July 8: Michigan Republicans to drop signature-matching provision in election bill
LANSING — Fourteen years after Michigan’s voter identification law survived a legal battle because of an affidavit option Republicans are now moving to eliminate, critics are threatening litigation again as the legislation moves to the full Senate for a potential vote.
Because Michiganders without an ID can currently vote by signing an affidavit, existing law does not amount to a “poll tax,” the Michigan Supreme Court ruled in 2007, rejecting claims the statute disenfranchises low-income and minority voters who may struggle to obtain ID.
But that would change under a trio of bills advanced Wednesday by the Republican-led Senate Elections Committee in a series of 3-1 party-line votes. The proposal would end the affidavit option for in-person voters and also create new voter ID rules for absentee ballots.
Related:
- GOP investigation finds no Michigan vote fraud, deems many claims ‘ludicrous’
- Michigan GOP passes voter ID bill to deter ‘fraud.’ Critics call it ‘garbage’
- Michigan GOP officials, activists push for 2020 election audit
- GOP targets no-ID ballots to cut fraud. Only 0.2% voted that way in Michigan.
- Michigan GOP would allow video of vote counts. Critics call that intimidation.

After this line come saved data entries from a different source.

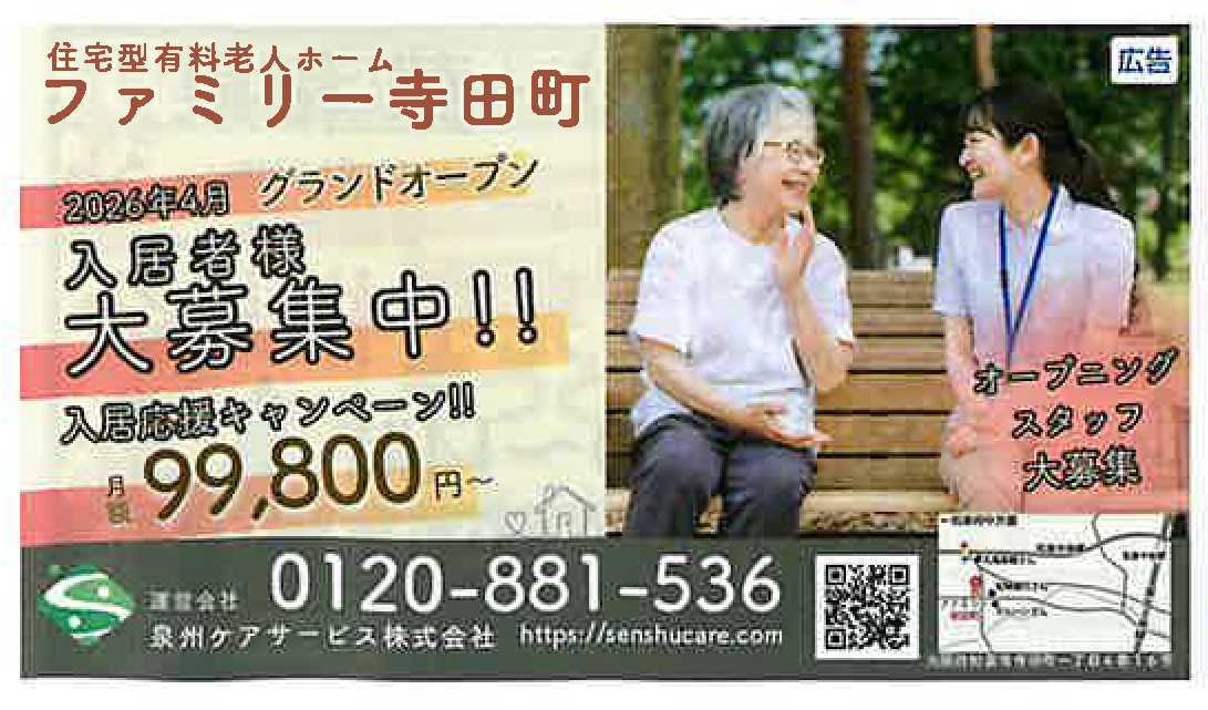 和泉市の皆様におなじみの「広報いずみ 3月号」(2026年3月号)に、当グループの住宅型有料老人ホーム「ファミリー寺田町」の広告が掲載されています!
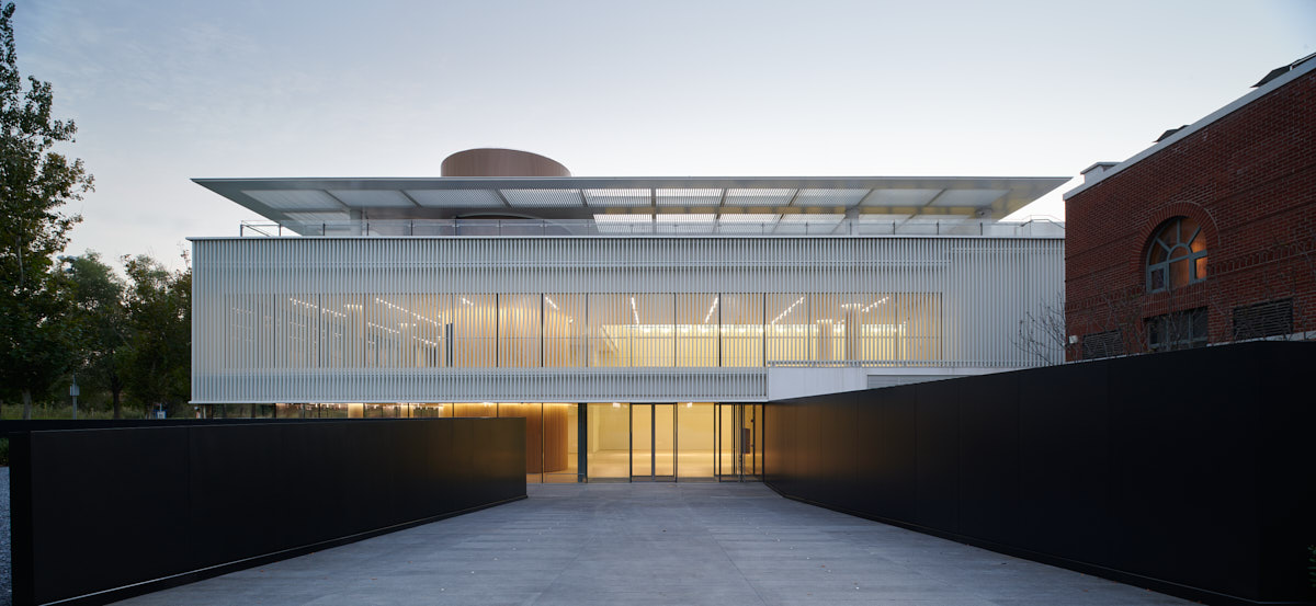 面对红砖老楼,新建筑表皮金属材质的半透明属性,通过白天夜晚自然光和人造光源投射方向的转化,在不同的时间段里呈现出来,让建筑显得轻盈舒展。
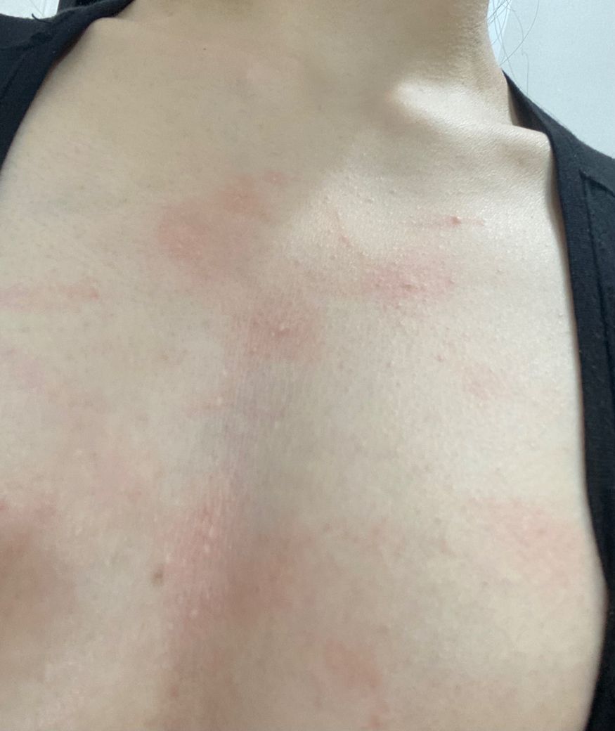또 하나 흔한 원인은 말라세지아(곰팡이) 모낭염입니다. 이 경우 가슴, 등, 어깨에 작은 하얀 구진이 여러 개 동시에 생기고, 여드름처럼 보여도 압출되지 않으며 갑자기 퍼지는 특징이 있습니다. 간지러움이 동반되는 경우도 많지만 없어도 가능합니다.
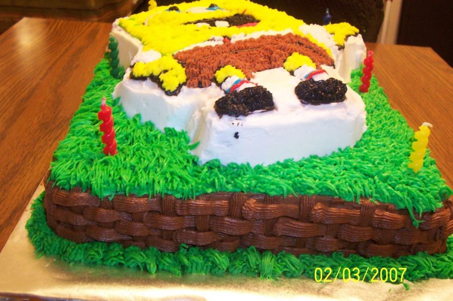 Did this for a 3year old's birthday party. I use the tio to do grass all around sponge bob, and did basket weaving around the sides for to look like a fence.
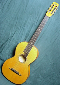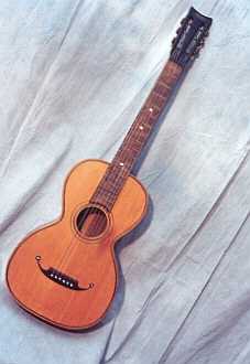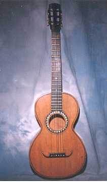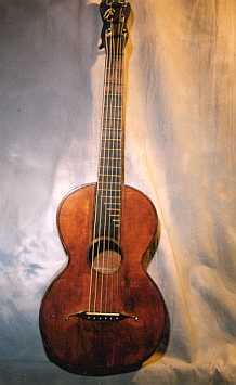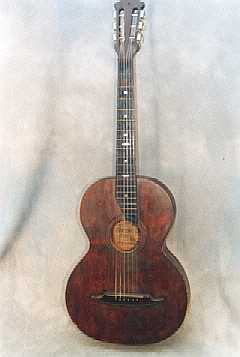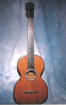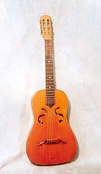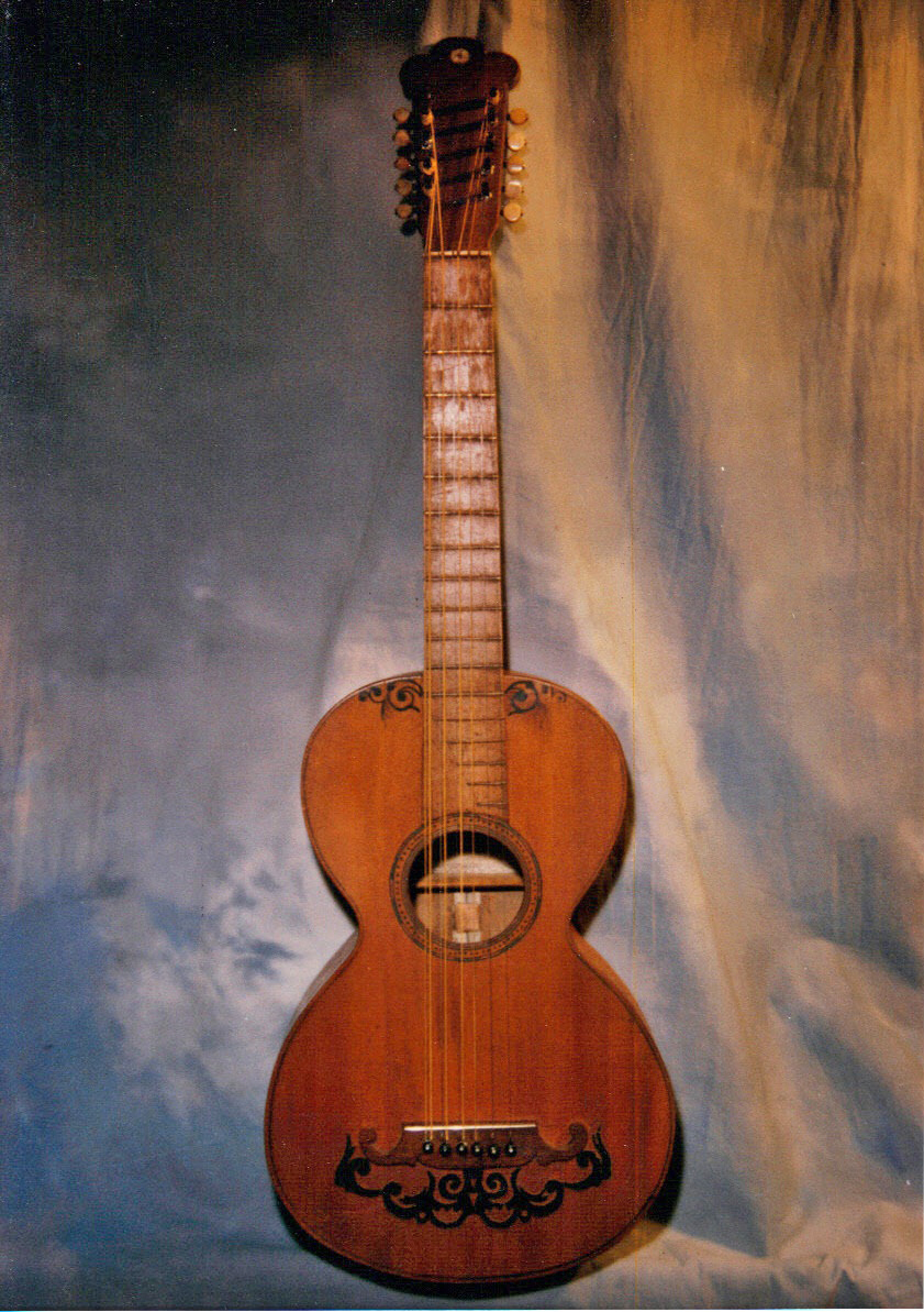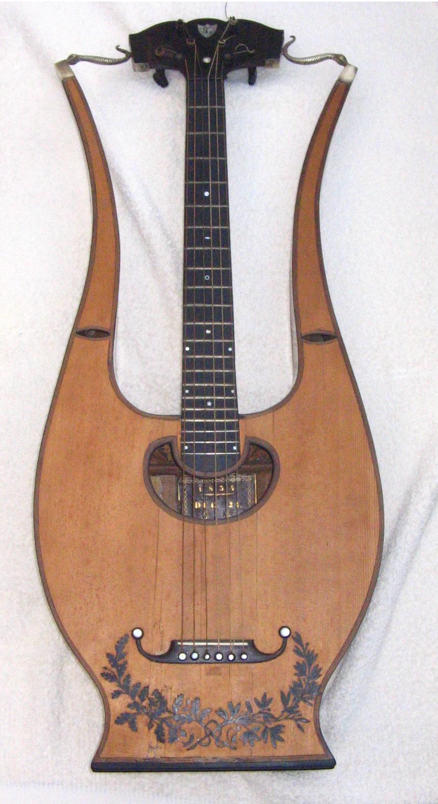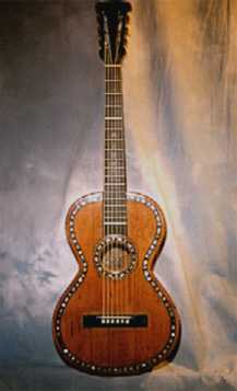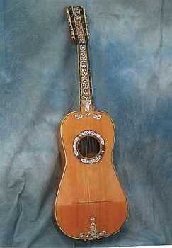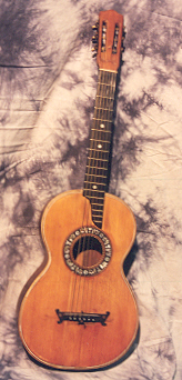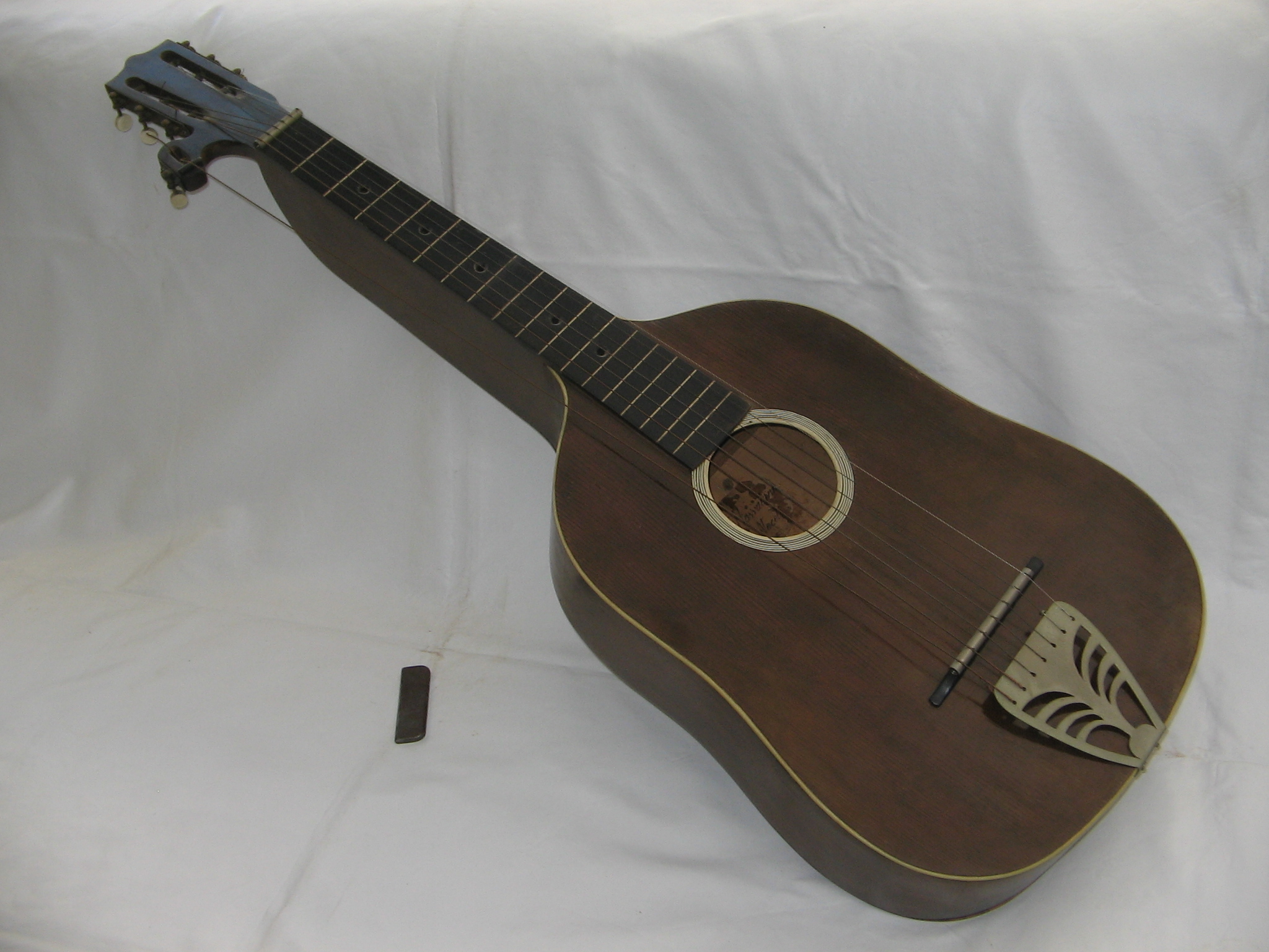 Chitarra anonima, costruita da un liutaio esperto tra il secondo ed il terzo decennio del XX secolo. Lo strumento ha il fondo, in due parti, e le fasce in palissandro, la tavola in abete di ottima qualità con venature regolari e fitte contornate da una triplice filettatura bianca, il ponticello è successivo. La buca è contornata da due triplici filettature in legno scuro in mezzo ai quali vi è un bel fregio in madreperla. Le meccaniche hanno farfalle in osso mentre il manico è in noce e presenta 17 tasti che, sulla tavola, sono presenti solo per le corde acute.
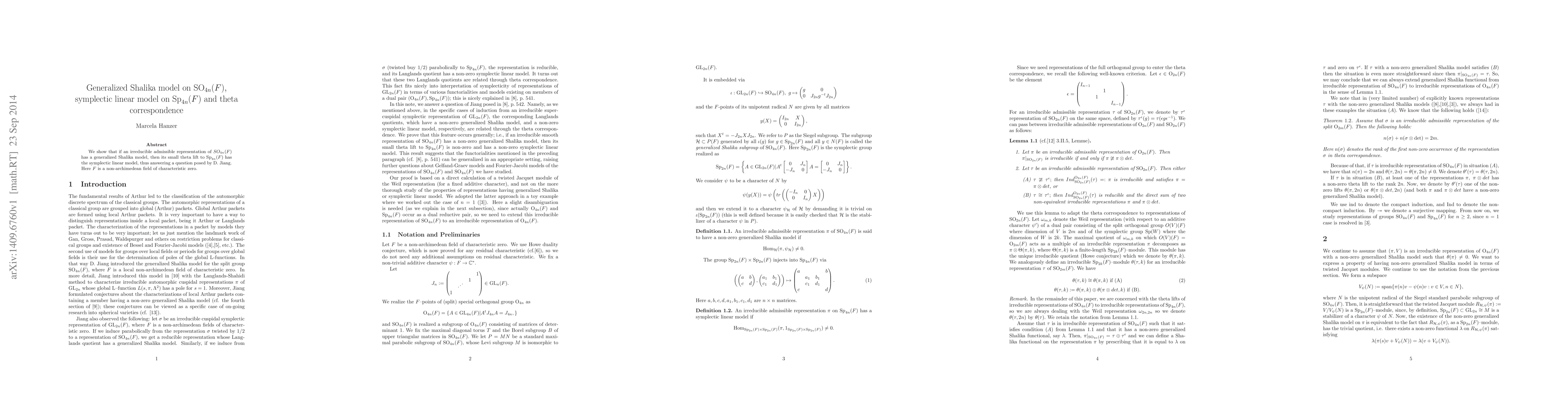 We show that if an irreducible admissible representation of $\mathrm{SO}_{4n}(F)$ has a generalized Shalika model, then its small theta lift to $\mathrm{Sp}_{4n}(F)$ has the symplectic linear model, thus answering a question posed by D. Jiang. Here $F$ is a non-archimedean field of characteristic zero.
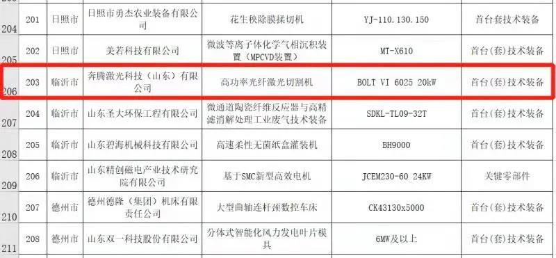 近日,根據(jù)《2021年度山東省首臺(套)技術裝備及關鍵核心零部件生產(chǎn)企業(yè)及產(chǎn)品公示名單》,奔騰激光科技(山東)有限公司“BOLT VI 20kW高功率光纖激光切割機”成功入先選。
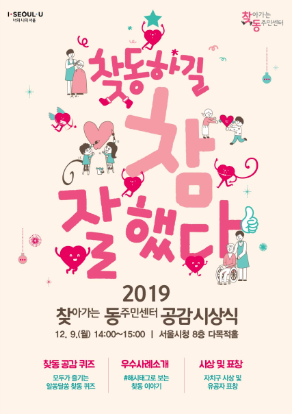 서울시는 이날 오후 2시 시청 본관 다목적홀에서 2019 찾동 공감시상식을 개최한다.
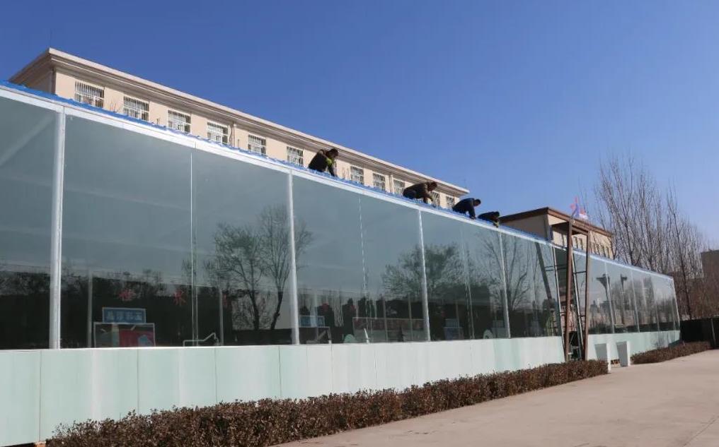 △元月一日的晶牛總部基地,由設計院和浮法安裝隊數十人共同承擔的500㎡晶玉文化展廳的封頂及數百平方米大板玻璃幕墻封裝工程順利到位。實現了雙層高空作業下的安全、高質、按時竣工。
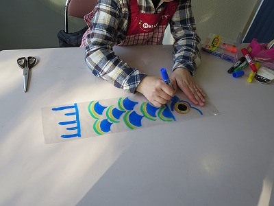 2) ビニールにこいのぼりの絵を描く(目やうろこなど)
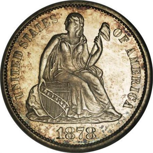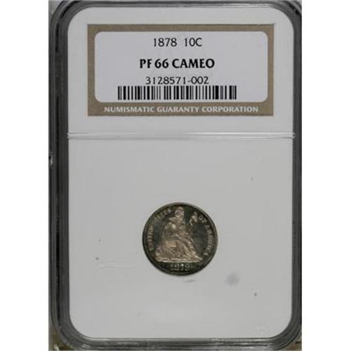 <B>1878 10C PR66 Cameo NGC.</B></I> Type Two Reverse with the E in ONE distant from the wreath. Blushes of cherry-red and ocean-blue embrace the peripheries of this boldly struck Premium Gem. Both major devices are frosty, and contrast with the glittering and unblemished fields. Census: 3 in 66 Cameo, 1 finer (2/08).<BR><BR><b>Shipping:</b> Coins & Currency (<a target="_blank" href="http://www.heritageauctions.com/common/shipping.php">view shipping information</a>)
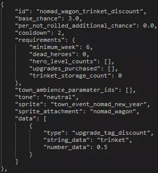 There are 13 lines in the image above, and in the table below you'll find a general explanation for the first 12 lines (line 13 is redundant for this explanation) and what they mean. As mentioned above, use other curios as examples for what you want to tweak or add, and use this reference as a supplement if you're confused. Line Description & Notes 1 In the first line we have three values which serve mainly as references and information for the curio itself. The number 2 in this line represents that it's the second curio in this file. Immediately after that we have the Curio's name. Note that this is not the name that appears in-game, rather one that helps you know what it is. The last bit here notes that there are 'mixed' effects possible. You can get loot or get a nasty DoT. Other curios may be completely good or bad in their possible effects. 2 There's nothing that you want to change in this line, and none of it is read by the engine. If you imported the csv to a spreadsheet program you'll see that these are all column headers mainly used in easily reading the following lines. 3 The first value in this line is incredibly important. This ID, following the format of having no spaces, will be used when you want to reference art and strings that will appear in-game. Following that is the effect of 'Nothing', or interacting with the curio and having nothing happen. After 'Nothing' you'll want to put the weight of the 'effect' to happen. This weight is divided by the curio's total weight of effects. 4 We'll start this line at the 'Loot' part, as the 'REGION FOUND' text is not important to the overall functionality of the curio. Here you can set the chance of loot, if any, and the tables it should call. The '1' in the column after 'Loot' is the weight of that 'effect' to happen. There are only two possible effects for the Locked Strongbox, loot or a DoT. As you can see in the 6th line, 'Effect' has a weight of 1 as well. Add up the weights and then divide the current 'effect' weight by the total. Each has a 50% chance of happening, as you can see. The 50% chance following the weight is a value that is calculated in the original spreadsheet and is not read by the engine at all. The engine will only take weights into account. After the 50% is the table that it pulls from, and the number in the next column is the number of pulls that it does from the specified loot table. You can repeat loot table calls an additional two times by putting the desired table and number of draws before the '<- # Draws' sections. When loot is awarded it will award all loot tables listed for the specified number of draws for each table. 5 This line lets you set a quirk reward as a curio interaction. This follows a similar format of 'weight,% chance,result' as other effects. An excellent example of the quirk effect can be seen on curio #7, the Stack of Books. 6 This line lets you set effects that are given when interacting with the curio. A maximum of three possible effects can be added to a curio's effect rewards. The weights in lines are different from the overall weight of individual interaction types like loot, quirk, and effect. 7 The immediate first value is quite important. The 'Yes' or 'No' will determine if the curio prompts the player for any item inputs or whether the curio can just be used like a sack or crate. If your curio has no item interactions, set this to 'No'. The 'Purge' effect allows you to remove a quirk, positive or negative. Curio #5, the Eldritch Altar, shows an excellent example of this. 8 This line allows you to set scouting events that can trigger as an effect. Curio #20, the Bookshelf, has a great example of this effect. Much like the other effects you must set weights for the different scouting examples to proc, but the data that you put into the proper column is a bit different. As you can see in the Bookshelf, there is a '0 - curios' and a '0 - all' listed. The number in each is the number of rooms this scout will go, so both will only extend to the hallways on each side. The string on the opposite side of the dash describe what the scout will reveal. This can be 'curios', 'all', 'room_battles' and more. As recommended at the top of this section, take a look at all curios for further examples. 9 The first two string values in this line are the curio 'tags', or two describing tags of what the curio is. These are used mainly by quirks that interact with specific curio tags, like Hyromania or Bloodthirsty. The 'teleport' effect after the tags is unused and dysfunctional, so it is not relevant to the curio's overall functionality. 10 After two of the commas in this line you can set a third tag, though it's not set on all curios. You can see this in the next curio in the file, the Goal Strongbox. It has the tags of 'Treasure', 'Goal', and 'All'. The last tag is used mainly by the quirk of Curious, which can interact with any curio tagged with 'All', which is all of them. This line also lets you set a disease effect. An example of this can be seen in the 8th curio, the Iron Maiden. You can either call specific diseases and/or any of them. 11 Nothing in this line needs to be edited; it acts mainly as a separator and reference line for the following item interactions. 12 This is the first item interaction. A Skeleton Key can be used on the Locked Strongbox to get 3 pulls from the loot table 'A'. You can use any of the main 'effects' as item effects, but note that you can only have a single possible effect tied to a single item. It is not possible, for instance, to have a Skeleton Key give loot or a quirk on the same curio. Take a look at all of the curios for many, many examples of item interactions and their precise formatting. Town Activities and Shops Town building information can be found primarily in two spots. The first area contains all of the building information aside from the upgrade costs. The second contains only the upgrade costs. General InformationYou can get to the location of 
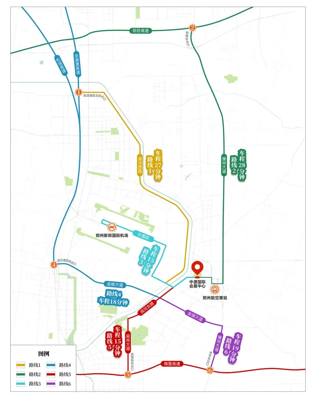 路线三:从S82郑民高速→郑庵收费站→豫州大道→皛店路→荆州路→中原国际会展中心P5--P6停车场路线四:从S60商登高速→园博园收费站→梁州大道→滨河东路→中原国际会展中心P1--P4停车场路线五:(经长鹰隧道一梁州大道)郑州市区出发一经S1机场高速/G4京港澳高速一机场收费站一迎宾大道一长鹰路一长鹰隧道(下穿机场T2航站楼)一长鹰路一梁州大道一毫都路一滨河东路一中原国际会展中心,全程约40分钟。路线六:(商登高速-梁州大道线)郑州市外西南地区出发一S60商登高速一园博园收费站一梁州大道一滨河东路一会展五路一中原国际会展中心
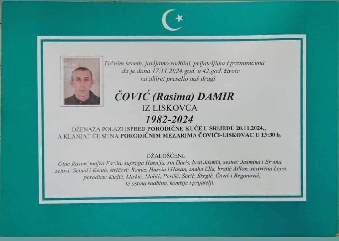Obavještavamo rodbinu i prijatelje da je 17.11.2024. godine na ahiret u 42-oj godini života preselio Čović (Rasima) Damir.

Sponsoring lawmakers say their bills would close “loopholes” that criminals could exploit for voter fraud purposes.
“I don’t think the expectation people show a photo ID is an undue burden,” Sen. Tom Barrett, R-Potterville, said last week.
Democratic Gov. Gretchen Whitmer has promised to veto any bills that make voting harder, including the ID proposals. But the Michigan Republican Party is planning to bypass Whitmer with a petition drive.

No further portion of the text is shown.